Start of Stored data
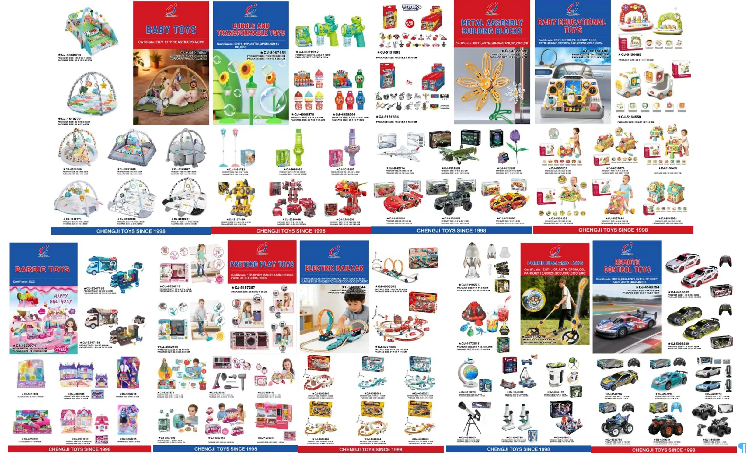 Chengji Toys has been a trusted toy manufacturer and supplier from China since 1998, with nearly three decades of expertise in the toy industry, helping global distributors, wholesalers, and e-commerce sellers source reliable and market-ready toys.
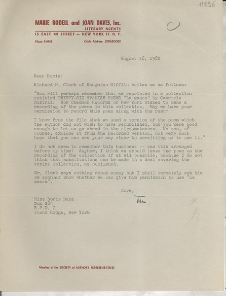 [Carta] 1962 Aug. 16, [New York, Estados Unidos] [a] Miss Doris Dana, Box 284, Pound Ridge, New York [manuscrito] Joan Daves.
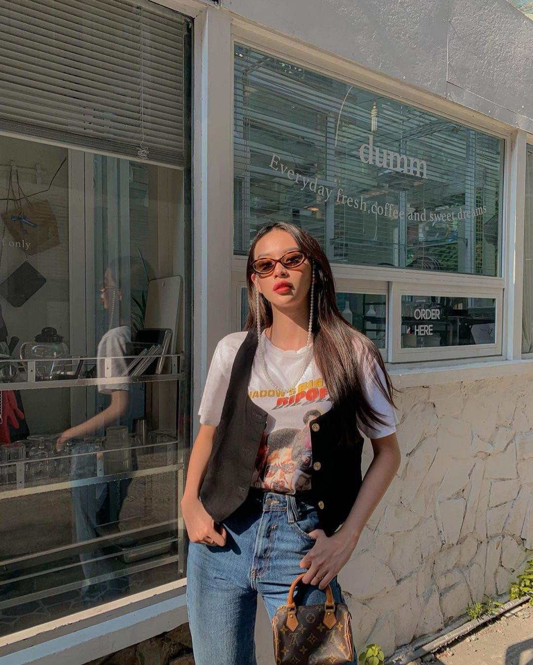 Mặc áo phông bên trong mix cùng áo ghi lê đen bên ngoài, kết hợp quần jeans ống rộng, Phí Phương Anh chuẩn phong cách fashionista chuyên nghiệp.
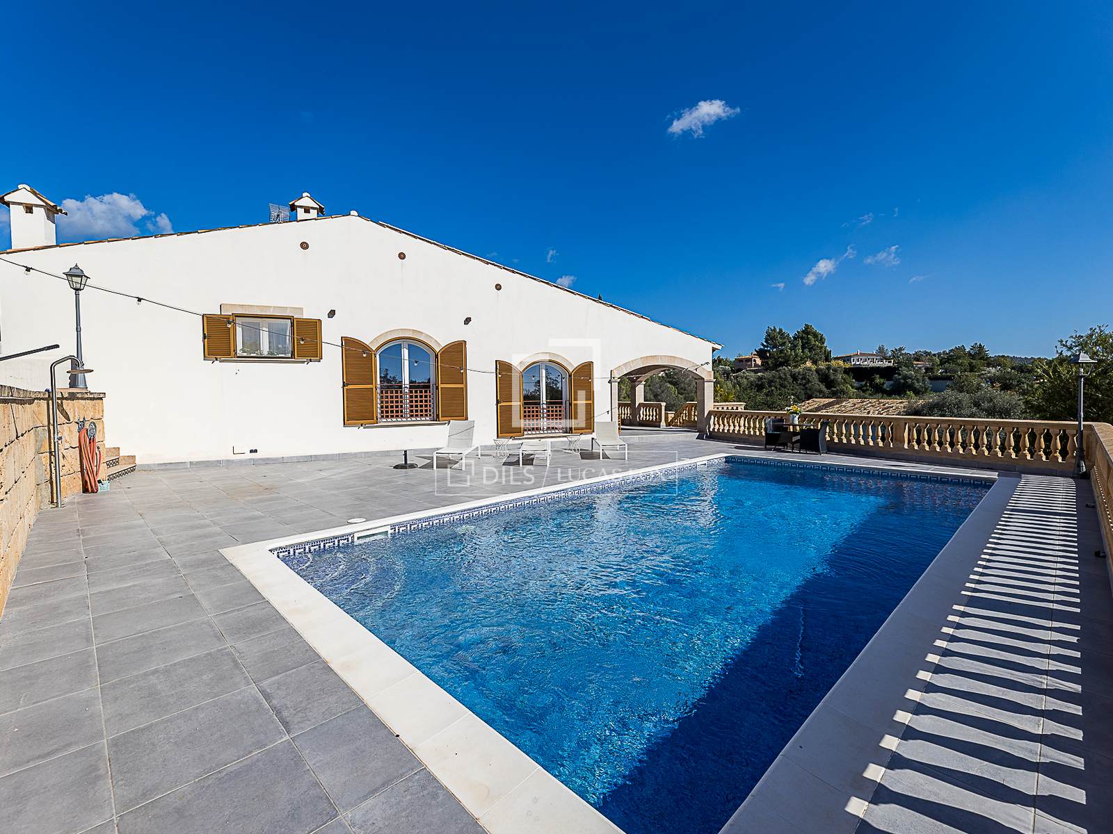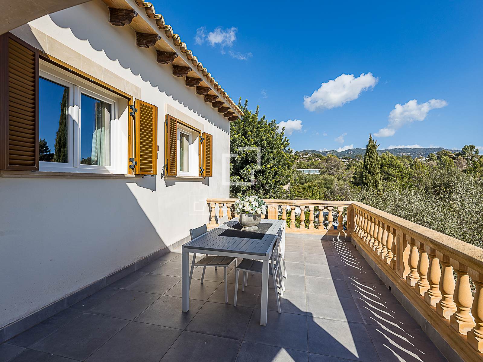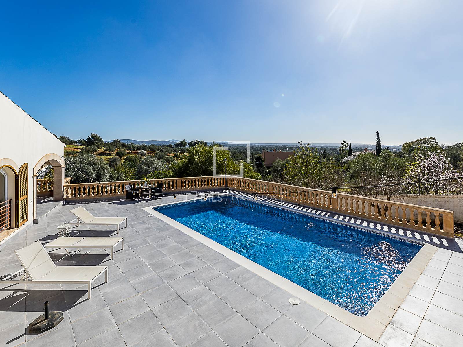 Exclusive detached villa in Sa Coma, Bunyola, with panoramic views towards the Bay of Palma and the Tramuntana mountains. Main residence on one level, guest apartment, swimming pool, solar panels and holiday rental license for 10 guests.
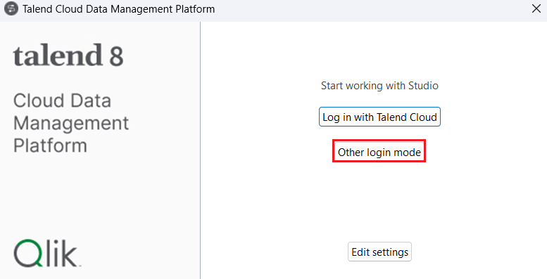 - ローカルシステムにインストールされている Talend Cloud Data Management Platform を起動し、Other Login Mode をクリックします。
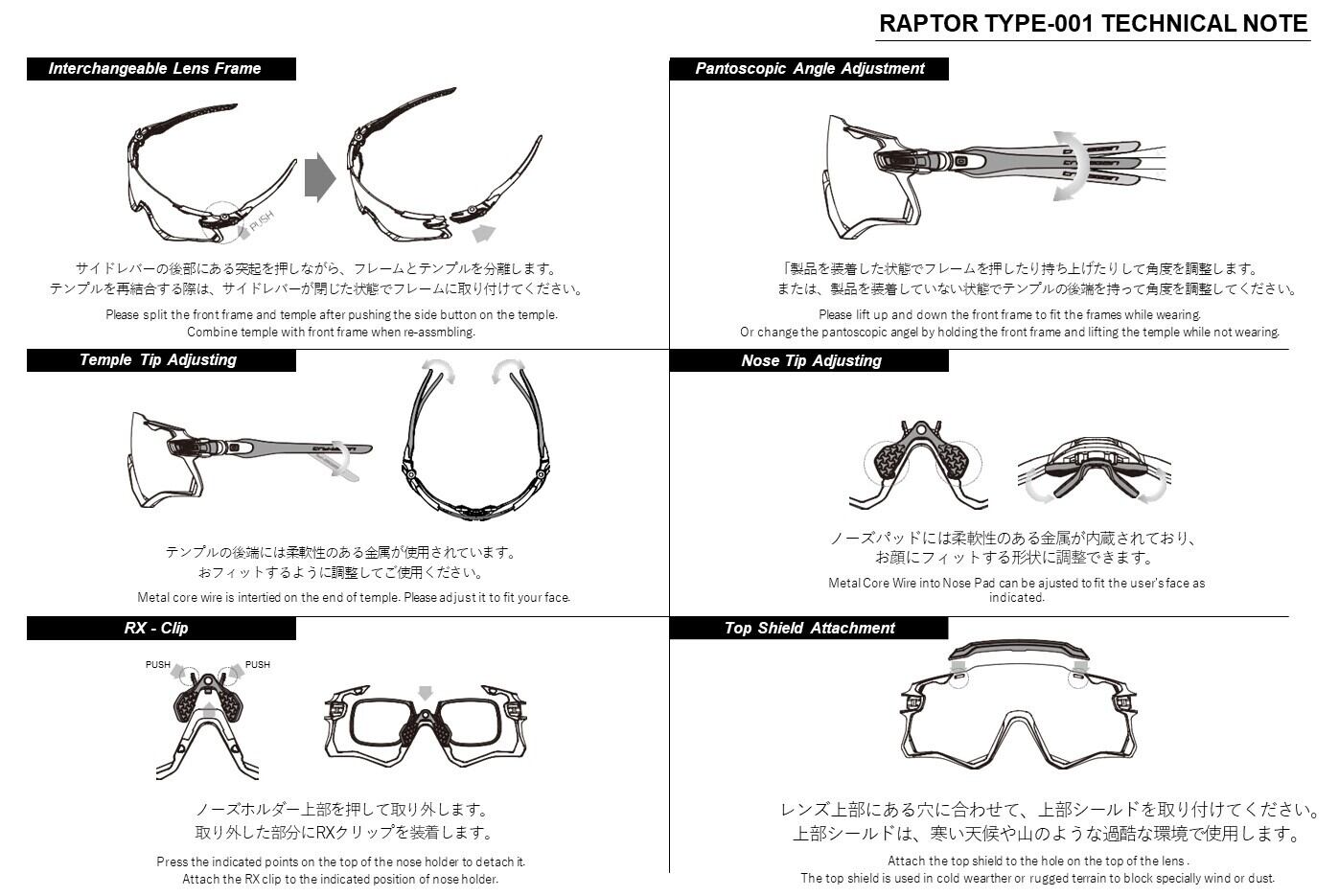 モダンとノーズパットはフレキシブルに可動するため、自身の顔幅や鼻幅に合わせてフィッティングを調整できます。また、着用状態でフレームを押したり持ち上げたりすることで、3段階のフロント角度調整が可能です。
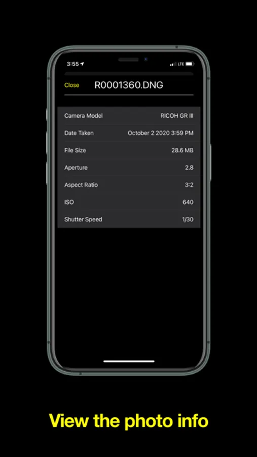 - View photo meta data: iso, aperture, file size, etc.
End of Stored data
- _What is needed_:
Copy the entries exactly. Leave out the images.

- _Task answer_:
 Chengji Toys has been a trusted toy manufacturer and supplier from China since 1998, with nearly three decades of expertise in the toy industry, helping global distributors, wholesalers, and e-commerce sellers source reliable and market-ready toys.
 [Carta] 1962 Aug. 16, [New York, Estados Unidos] [a] Miss Doris Dana, Box 284, Pound Ridge, New York [manuscrito] Joan Daves.
 Mặc áo phông bên trong mix cùng áo ghi lê đen bên ngoài, kết hợp quần jeans ống rộng, Phí Phương Anh chuẩn phong cách fashionista chuyên nghiệp.
 Exclusive detached villa in Sa Coma, Bunyola, with panoramic views towards the Bay of Palma and the Tramuntana mountains. Main residence on one level, guest apartment, swimming pool, solar panels and holiday rental license for 10 guests.
 - ローカルシステムにインストールされている Talend Cloud Data Management Platform を起動し、Other Login Mode をクリックします。
 モダンとノーズパットはフレキシブルに可動するため、自身の顔幅や鼻幅に合わせてフィッティングを調整できます。また、着用状態でフレームを押したり持ち上げたりすることで、3段階のフロント角度調整が可能です。
 - View photo meta data: iso, aperture, file size, etc.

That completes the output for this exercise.